Although Brown’s defense counsel attempted to establish that the witnesses’ testimony differed from their written statements regarding certain details, the witnesses were adamant that they could clearly see through the child’s bedroom window. They also explained that they wrote their statements for the police immediately after witnessing the incident while sitting in the dark on top of the police cars.
The State also presented the two audio-taped statements given by Brown in which he admitted to “accidental” or “possible” penetration of the child. Brown’s ex-wife also testified that when she spoke with Brown at the police station he admitted that he had been playing with the child and said, “my penis may have fallen out of my boxers; and I may have gotten erected; and her panties may have gone to the side.”
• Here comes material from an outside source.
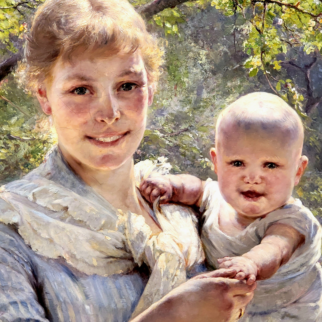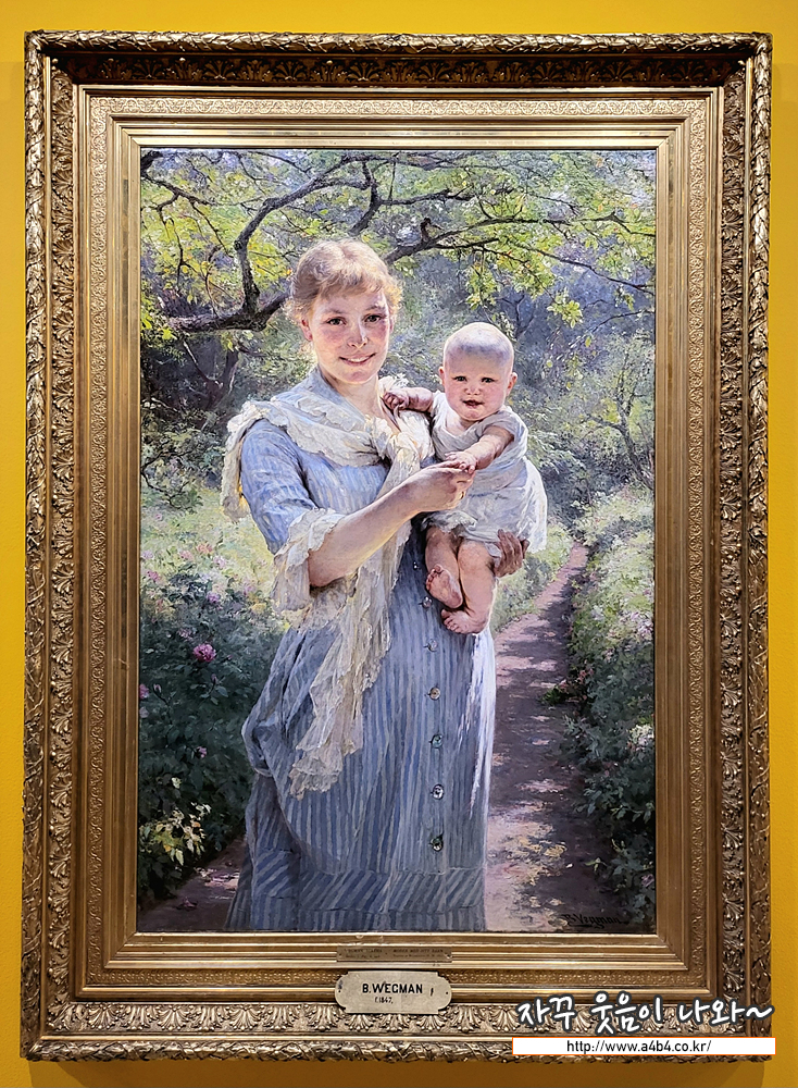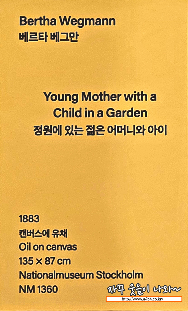 베르타 베그만은 스위스 혈통의 덴마크 초상화가입니다. <정원에 있는 젊은 어머니와 아이> 는 따뜻한 햇별을 쬐며 환하 게 웃고 있는 여성과 아이를 묘사하고 있습니다. 아이는 왼손으로 어머니의 옷자락을, 오른손으로는 어머니의 손을 맞잡고 있 습니다. 사실적인 묘사가 살아있는 나무와 자연의 디테일은 아득히 사라지는 듯한 정원의 원근감과 함께 어머니와 아이에 게 생동감을 줍니다.

Additionally, the State’s expert witness testified that the child exhibited physical and psychological symptoms which *519were indicative of sexual abuse. This expert witness also confirmed that the child had been diagnosed with gonorrhea. Although the defense presented evidence that Brown may not have been contagious on the day of the incident, there was testimony that prior to the incident he was diagnosed with gonorrhea and had access to the child alone during the day.
Finally, the jury only deliberated for thirty-eight minutes before finding Brown guilty of both charges. Notably, the trial judge also recognized that the evidence of guilt was overwhelming when he stated during sentencing:
I want to say to you also that the evidence in this case, sir, was overwhelming, including four eyewitnesses, which is very unusual for a crime which generally occurs in secret; your obvious and your unnatural state of arousal when you went to the door or when you were confronted about this; the transmission of gonorrhea to a child victim; and your own admissions that are contained in your own statements, sir. All of these are overwhelming evidence in the view of this court.
Based on the foregoing, we hold that any impropriety in the solicitor’s closing argument was not sufficient to warrant the PCR judge’s decision to grant a new trial.
CONCLUSION
Although we find the PCR judge correctly determined that trial counsel was deficient in failing to object to the solicitor’s “Golden Rule” closing argument, we hold Brown failed to prove that there was a reasonable probability that but for this error the result of his trial would have been different. Accordingly, the decision of the PCR judge is
REVERSED.
TOAL, C.J., WALLER, PLEICONES and KITTREDGE, JJ., concur.